Answer:
[tex]\displaystyle \lim_{x \to 2} \frac{x}{f(x)+1} = +\infty[/tex]
Step-by-step explanation:
From the graph, we can see that:
[tex]\displaystyle \lim_{x \to 2} f(x)= -1[/tex]
From direct substitution, we have that:
[tex]\displaystyle \lim_{x \to 2} \frac{x}{f(x)+1}\Rightarrow \frac{(2)}{-1+1}[/tex]
Evaluate:
[tex]\displaystyle = \frac{2}{0}=\text{Und.}[/tex]
Saying undefined (or unbounded) would be correct.

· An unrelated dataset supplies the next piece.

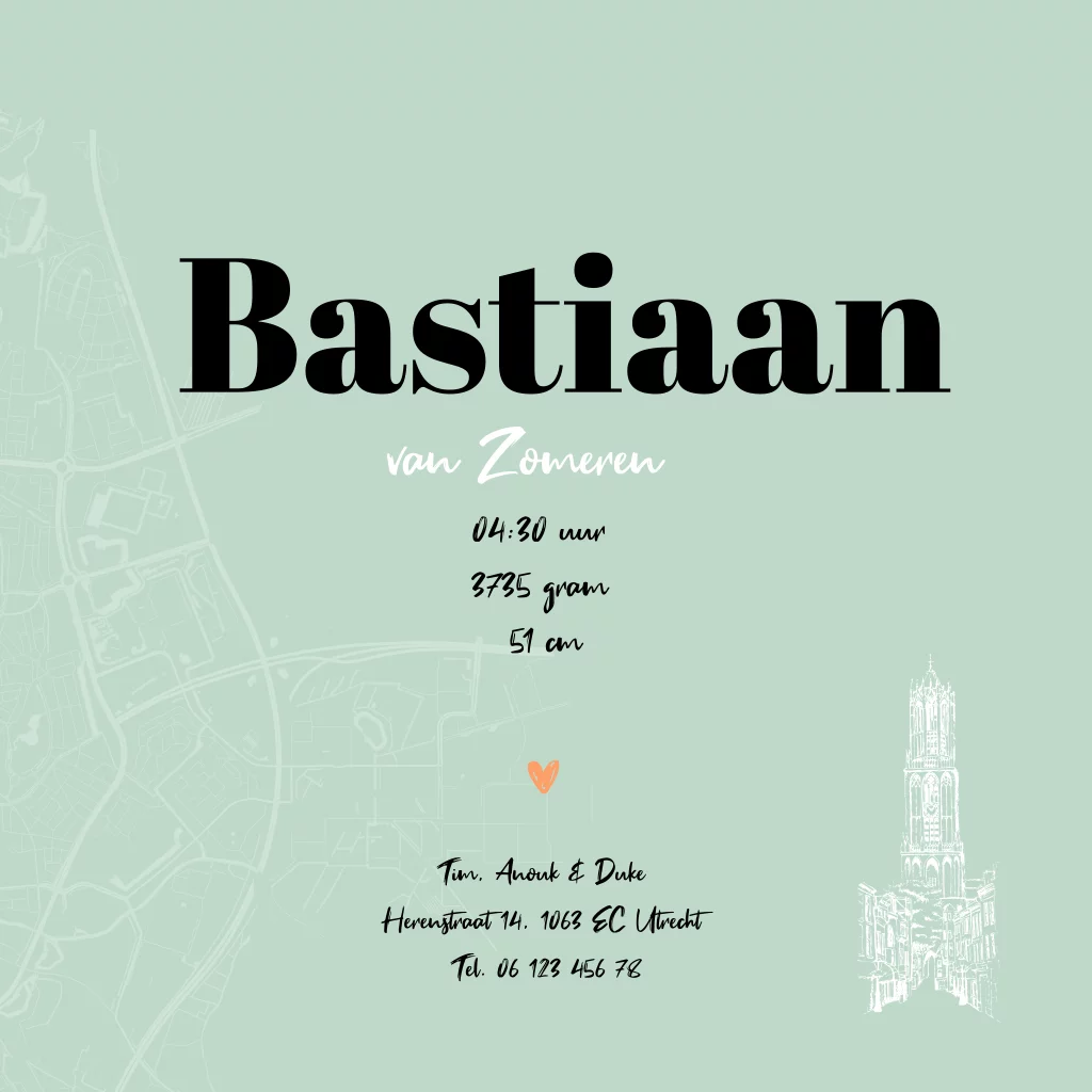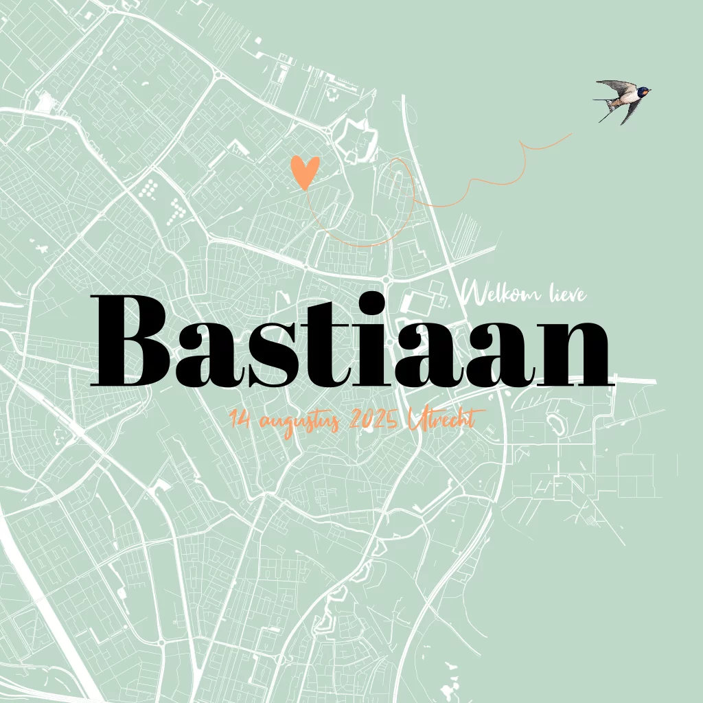 Geboortekaartje jongen met de plattegrond van Utrecht met een een illustratie van een zwaluw getekend door BINTJE. Dit kaartje kan je helemaal zelf aanpassen naar eigen wens. Wil je graag een plattegrond van een andere stad of dorp? Mail voor jouw stad.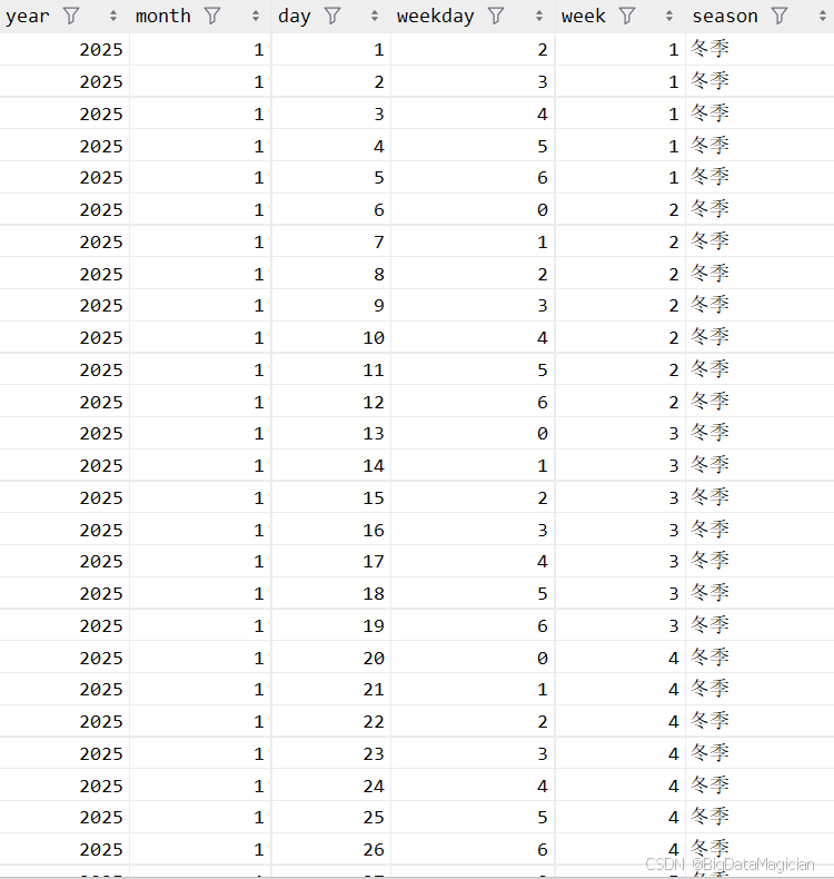 预处理后的部分数据如下图所示,处理后的数据集规整性显著提升,天气类型、风力等级完成标准化,温度去除单位转为纯数值;新增年、月、季节、温差等特征。数据保留核心信息且更易分析,可直接用于天气特征统计、时间维度分析等后续工作。

However, note that as x approaches two, the value of y decreases in order to get to negative one. In other words, our function f will always be greater or equal to negative one (you can also see this from the graph). This means that as x approaches two, f(x) will approach -0.99, -0.999 and -0.9999 and so on until it reaches negative one and then go back up. Importantly, because of this, we can state that:
[tex]\displaystyle \lim_{x \to 2} \frac{x}{f(x)+1}=\frac{(2)}{-1+1} = +\infty[/tex]
This is because for the denominator, the +1 will always be greater than the f(x). This makes this increase towards positive infinity. Note that limits want the values of the function as it approaches it, not at it.